EXERCISE INSTRUCTIONS: Every line of the material is to be returned verbatim. Pictures stay out.

DATASET EXTRACT:
--
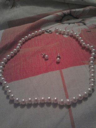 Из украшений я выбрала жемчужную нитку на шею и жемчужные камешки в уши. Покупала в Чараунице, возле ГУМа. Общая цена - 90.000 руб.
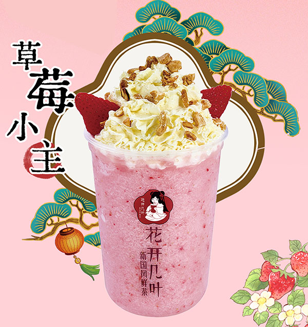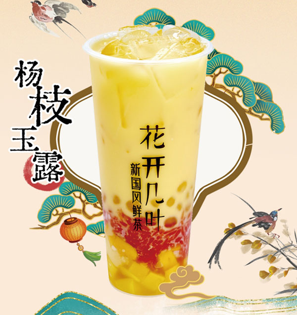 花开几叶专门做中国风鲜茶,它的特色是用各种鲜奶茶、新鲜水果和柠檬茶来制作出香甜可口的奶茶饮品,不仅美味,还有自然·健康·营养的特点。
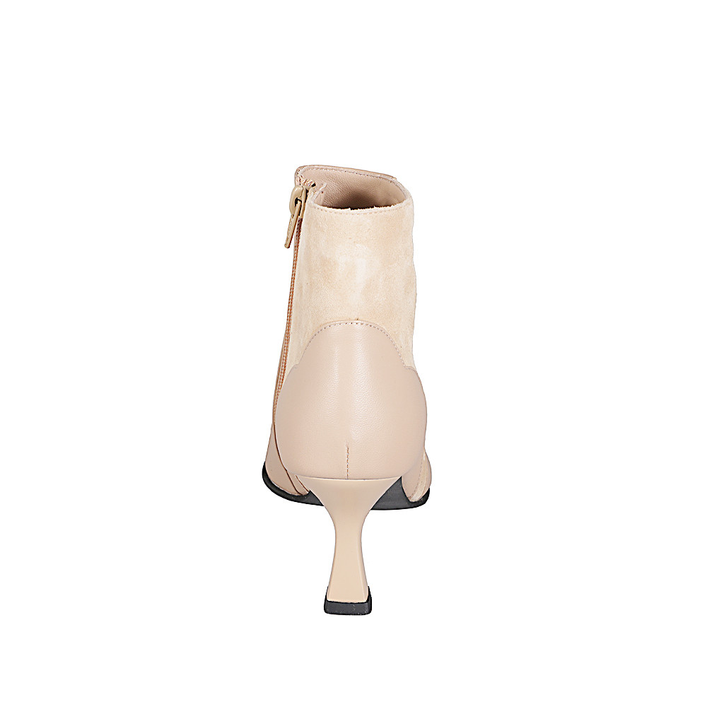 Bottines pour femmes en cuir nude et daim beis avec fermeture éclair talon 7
--
SOLVED EXERCISE:
 Из украшений я выбрала жемчужную нитку на шею и жемчужные камешки в уши. Покупала в Чараунице, возле ГУМа. Общая цена - 90.000 руб.
 花开几叶专门做中国风鲜茶,它的特色是用各种鲜奶茶、新鲜水果和柠檬茶来制作出香甜可口的奶茶饮品,不仅美味,还有自然·健康·营养的特点。
 Bottines pour femmes en cuir nude et daim beis avec fermeture éclair talon 7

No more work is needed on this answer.